Я не думаю, я знаю, что торопиться всегда надо, потому что потом всегда поздно. Но я медлю и медлю, потому что знаю, вернее ощущаю слишком хорошо: я боюсь приехать в ту пустоту, которой по сути является пространство города моего взросления. Миражом он был, миражом и остается в моей истеричной памяти, но место не свято, а значит — пусто. Вот это и есть то очевидное, ради чего не стоит ехать: меня затягивает пустота, а я пытаюсь это не понимать. Вообще, стремление заполнить собой пустоту не характерно для женщины, но что же тут поделать, да и та лесбийская пара не просто так, да и я ведь не сразу…
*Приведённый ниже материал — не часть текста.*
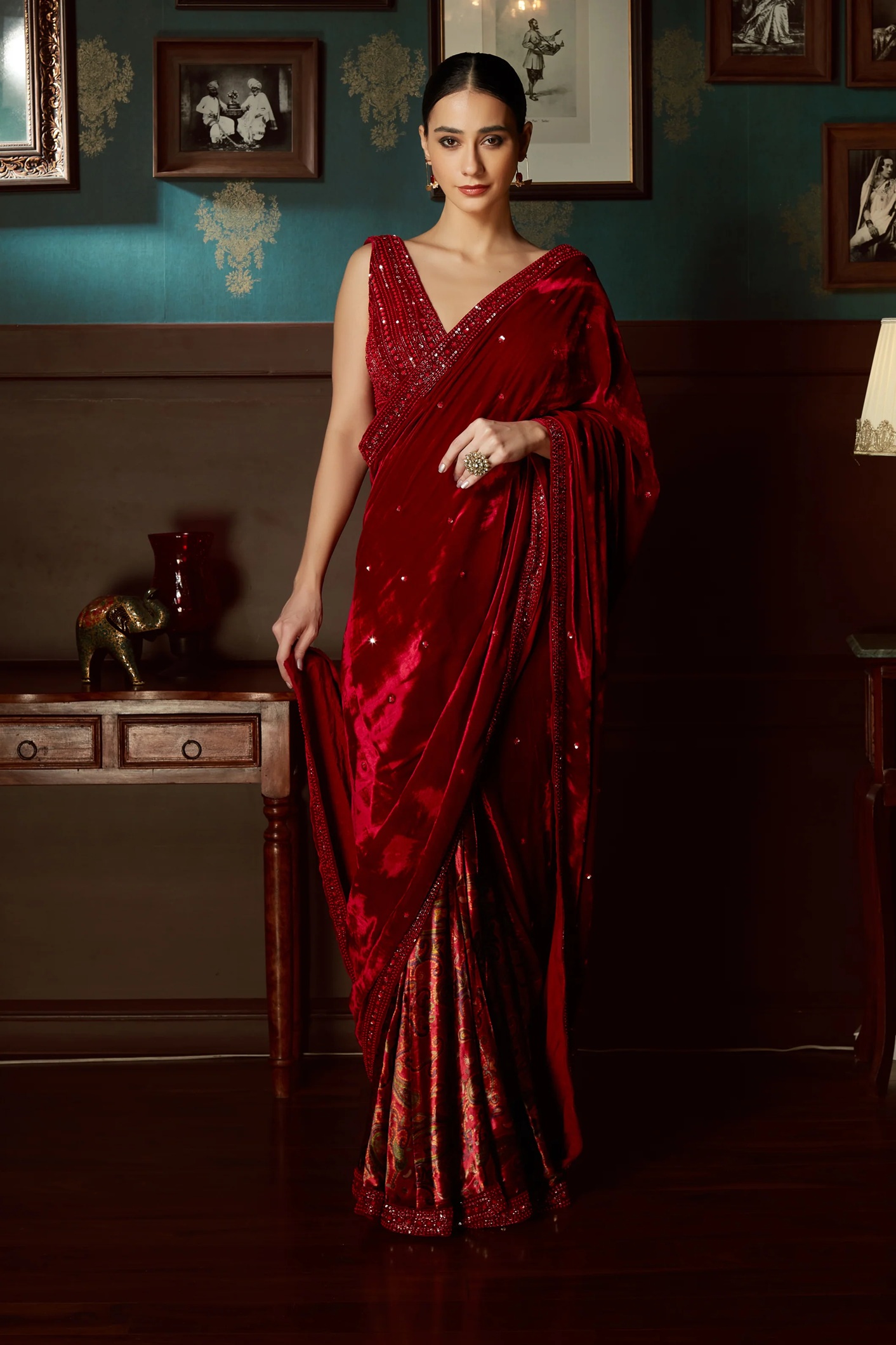 हॉट रेड या सिंदूरी वेलवेट साड़ी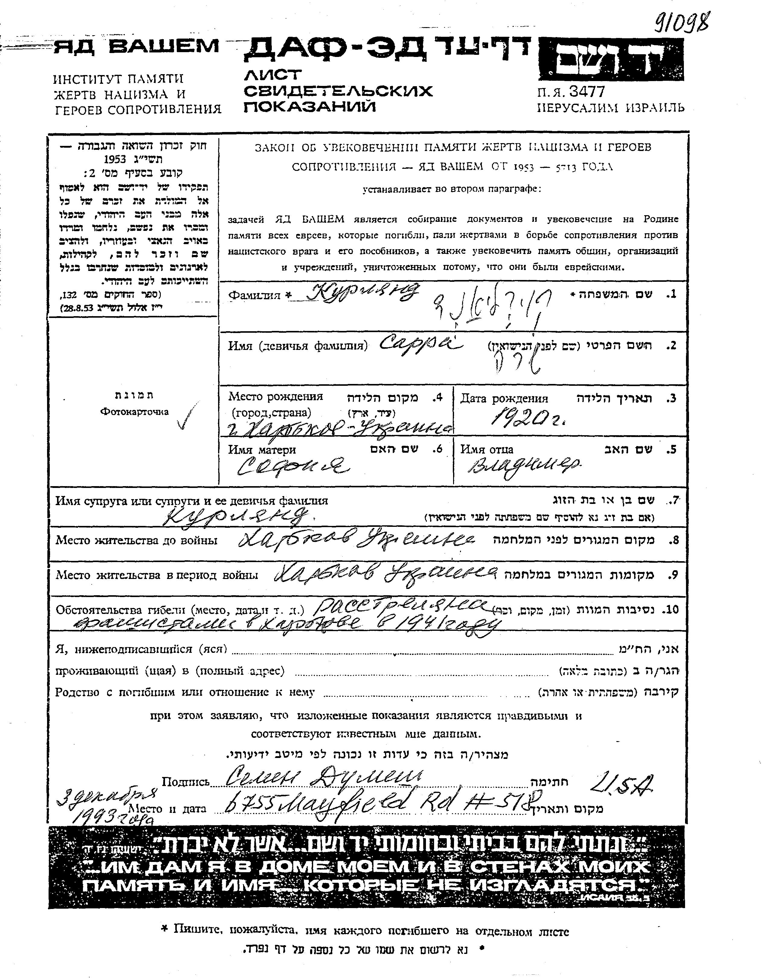 שרה Kurlyand נולדה בKharkov שבאוקראינה (ברה"מ) בשנת 1920. היא היתה תלמידה. לפני מלחמת העולם השניה התגוררה בKharkov שבאוקראינה (ברה"מ).

Ужаснись вместе со мной, сестра моя Анна, мы родны с тобой по одной из двух Х-хромосом, а это уже половина. Я судорожно коплю воспоминания и цепляюсь за них, как обезьяна за вольеру. Ты же стараешься спастись по-другому: я не помню, чтобы ты выкинула хоть одну записку, имеющую к тебе отношение. Привезя с собой огромный, неинтересный и тщательно рассортированный архив, ты до сих пор мучаешься от бумажного конвейера твоего увядания, еле сдерживаемого заслонками серых казенных коробок с надписями ~вермишель~,~туалетное мыло~…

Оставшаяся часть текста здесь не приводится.